We live in a world of adversity. Every day, almost without exception, there is another moral issue being undermined: Isaiah’s words appropriate in most any era, saying, “Woe unto them that call evil good, and good evil; that put darkness for light, and light for darkness; that put bitter for sweet, and sweet for bitter!” (Isaiah 5:20). Nevertheless, it is the world we live in.

Although “Morals and Ethics” are a study within themselves, it does not take, as the old adage goes, “a Solomon to figure out” what is good and what is evil. The nation is rapidly sinking into an abyss from which it will not easily recover. The condition of the nation is a testimony to the fact that families have lost their moral compass.

Christianity is a warfare. The Apostle Paul instructed Timothy to “war the good warfare” (1 Timothy 1:18), and as such godly individuals are constantly wrestling “against the principalities, against the powers, against the world-rulers of this darkness, against the spiritual hosts of wickedness in the heavenly places” (Ephesians 6:12). Therefore, the apostle Paul said, “take up the whole armor of God, that ye may be able to withstand in the evil day” (Ephesians 6:13).

When the moral compass has not been properly calibrated, an individual can get adorned with the colorful attire, girded with truth, proudly displaying a breastplate of righteousness, feet shod with the preparation of the gospel of peace with the “helmet of salvation, and the sword of the Spirit, which is the word of God” (Ephesians 6:17), and out the door the beautifully attired soldier goes! The battle is on! But the power behind all the beautiful armor is left behind.

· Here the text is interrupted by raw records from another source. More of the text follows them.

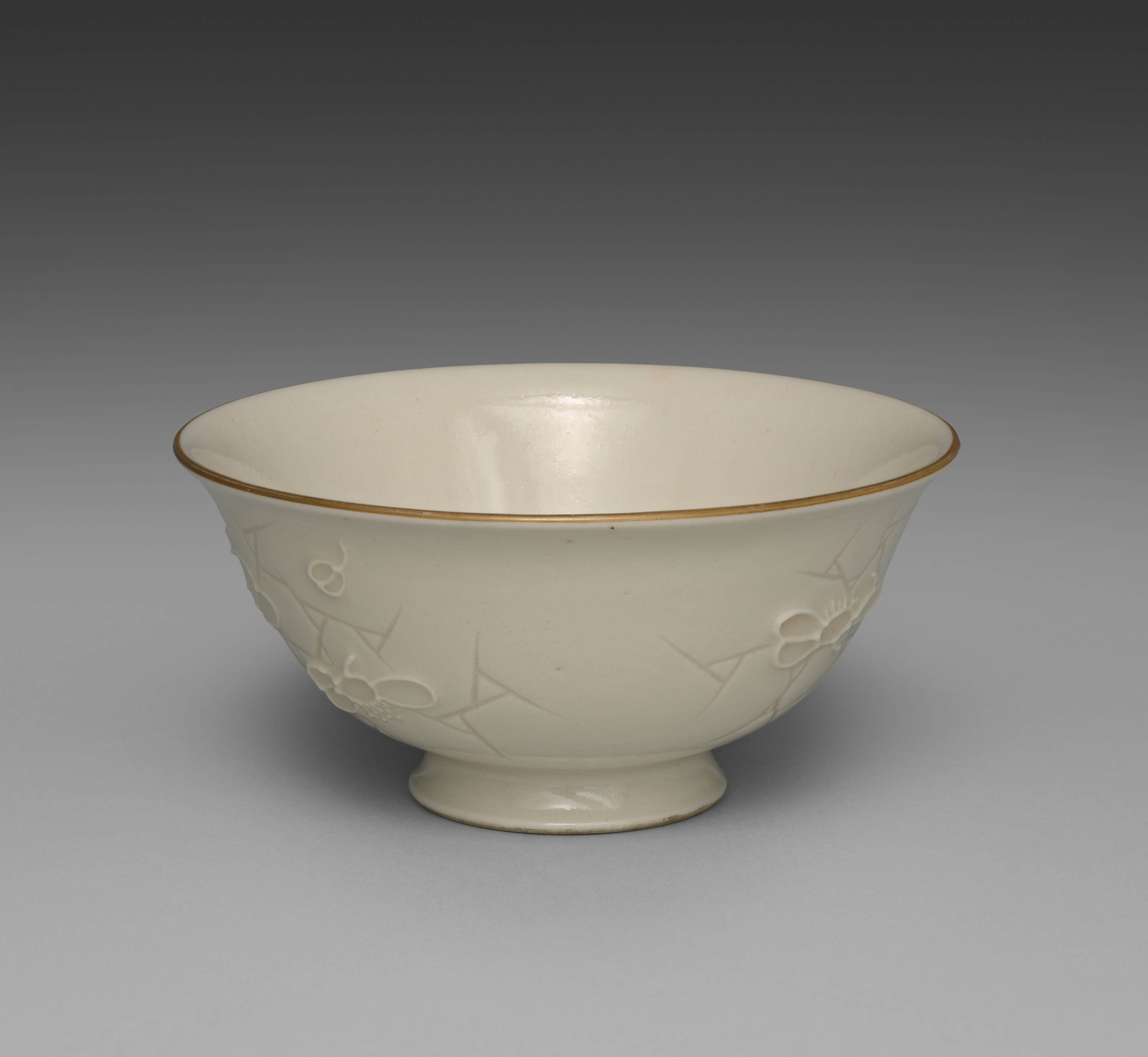 White bowl with gold rim, featuring embossed plum blossoms and cracked-ice pattern. The bowl has a wide mouth and a short foot. The cracked-ice pattern resembles broken ice or cracked surfaces. The gold rim adds a decorative touch to the otherwise simple design. A short stem connects the bowl to its base.
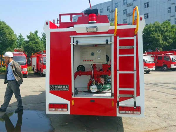 凯普特水罐消防车是由二类汽车底盘、水罐、水泵、管路、仪表电路系统等部件组成,该车装配铝合金后爬梯(可拆卸),泵房在整车尾部,罐体为钢板焊接式,罐体材质为碳钢板,罐体内部做防腐处理,载水 2.5 方。该车装备 CB10/20 消防泵,PS20 消防炮。
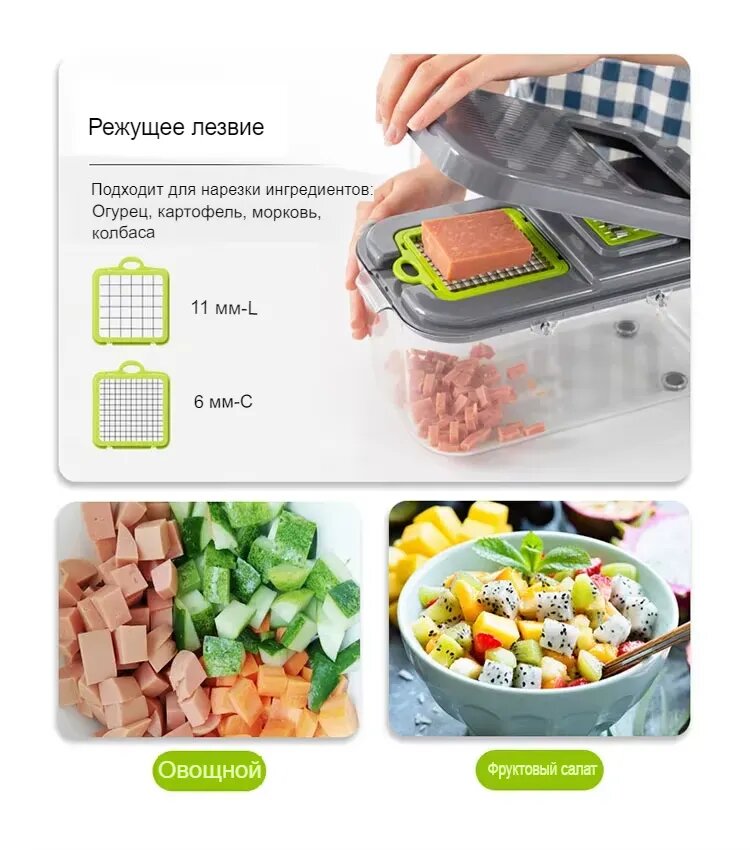 Многофункциональная овощерезка ручная Измельчитель овощей и фруктов Слайсер для нарезки с контейнером, 22 в 1 интересное:
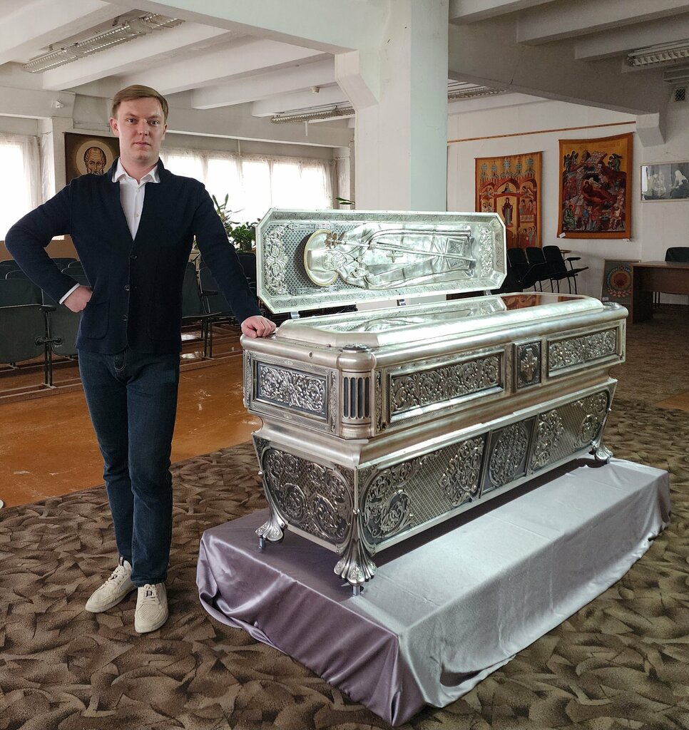 Евхаристический набор включает в себя потир, корчик, лжицу, поднос "Крест", поднос "Богородица", дискос и звездицу (на выбор классическая или древнерусская). Все предметы выполнены в соответствие с канонами церковного искусства.
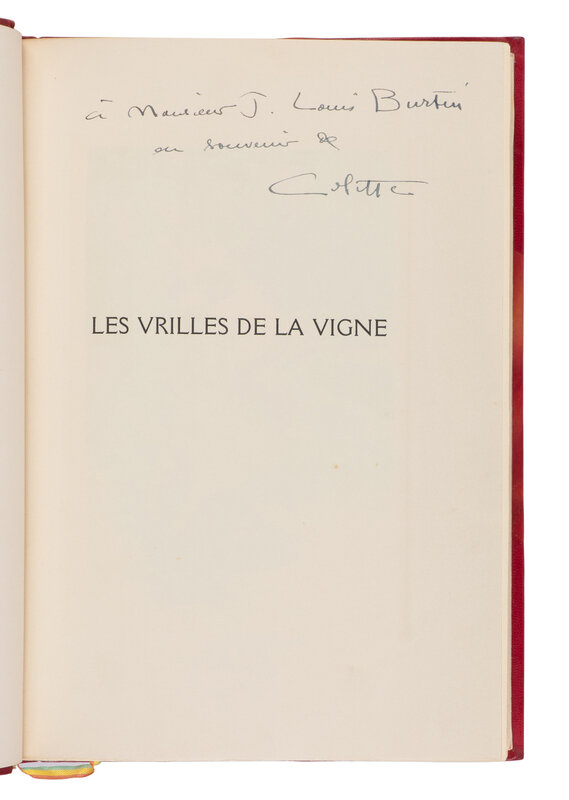 [With:] Autograph letter laid in, noting the provenance: "It was given to my father after the war, a friend of his "Louis Burtin" knew Colette and to thank my father, he gave him this book. Louis Burtin was an attorney in Nancy...and was very involved in the French Resistance during the war, so was my father!"
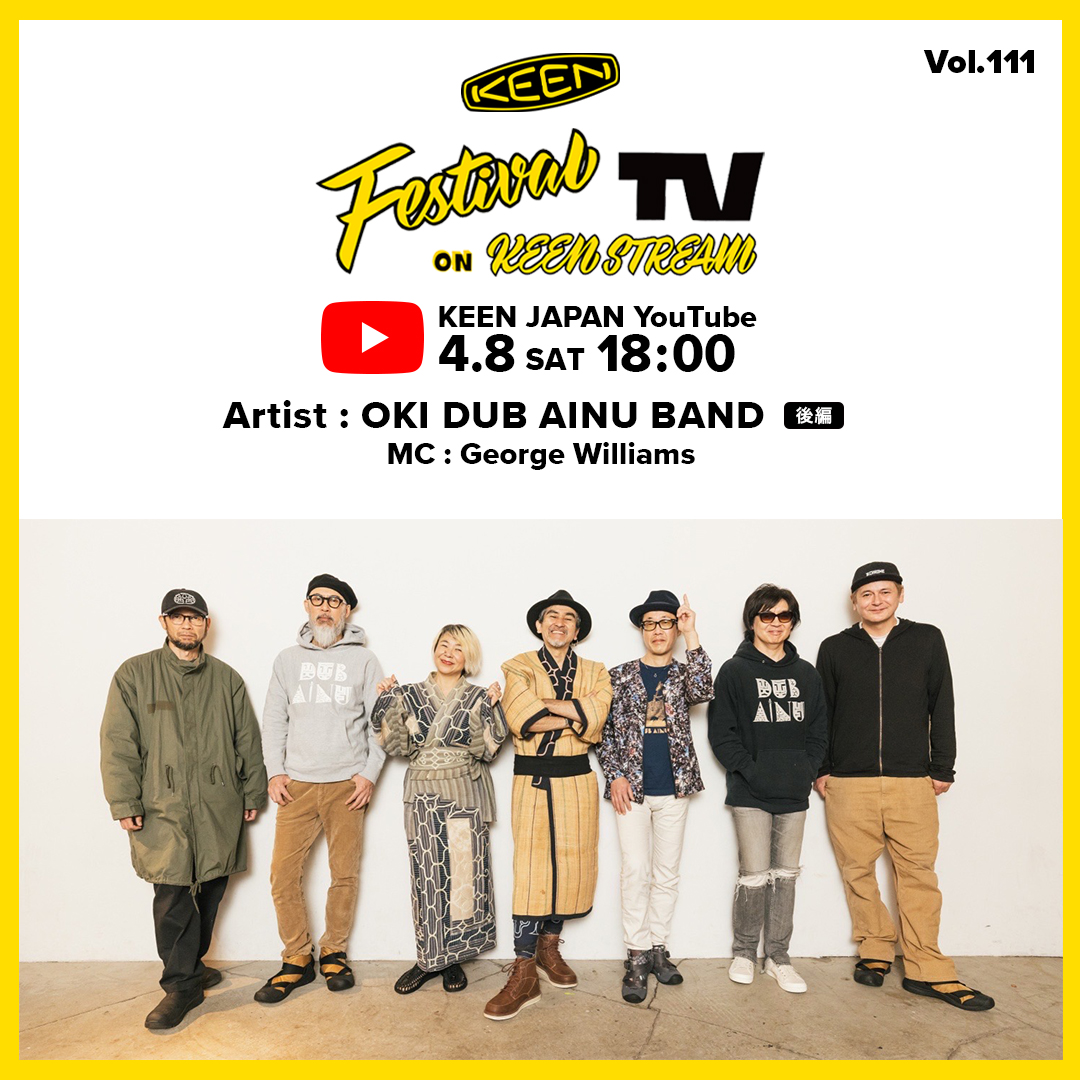 お陰様で大反響のOKI DUB AINU BAND出演のKEEN フェス音楽TVの後編が4/8(土)配信!
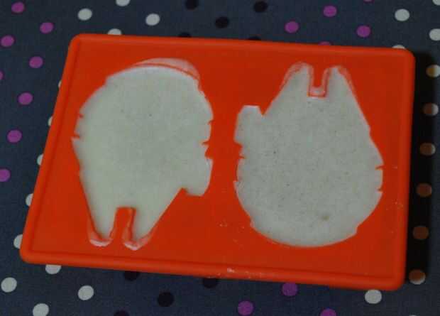 - Establecerá el molde a temperatura ambiente o en la nevera, pero puesto que el molde es bastante intrincado, tenía los mejores resultados endurecer las barras tanto como sea posibles mantener el halcón intacto (especialmente las dos piezas en la parte delantera)

When Ezra was faced with a nation laden with sin, he said, “I arose up from my humiliation, even with my garment and my robe rent; and I fell upon my knees, and spread out my hands unto Jehovah my God; and I said, O my God, I am ashamed and blush to lift up my face to thee, my God; for our iniquities are increased over our head, and our guiltiness is grown up unto the heavens” (Ezra 9:5-6). When the Apostle Peter was at the door of the executioner’s block “prayer was made earnestly of the church unto God for him” (Acts 12:5). When the prophets and the teachers of Antioch, being faced with the daunting task of sending Paul and Barnabas into a world of ungodliness to preach the gospel to the Gentiles, “when they had fasted and prayed and laid their hands on them, they sent them away” (Acts 13:1-3). When the Apostle Paul reflected upon his condition, as he endured his Roman imprisonment, he said, “For I know that this shall turn out to my salvation, through your supplication and the supply of the Spirit of Jesus Christ, according to my earnest expectation and hope, that in nothing shall I be put to shame, but that with all boldness, as always, so now also Christ shall be magnified in my body, whether by life, or by death” (Philippians 1:19-20).

The religious world will come together, sing their favorite hymns and hear a message of peace when there is no peace, because they have lost an essential piece of armor, i.e., “prayer and supplication praying at all seasons in the Spirit, and watching thereunto in all perseverance and supplication for all the saints” (Ephesians 6:18). Ross Triplett, Sr.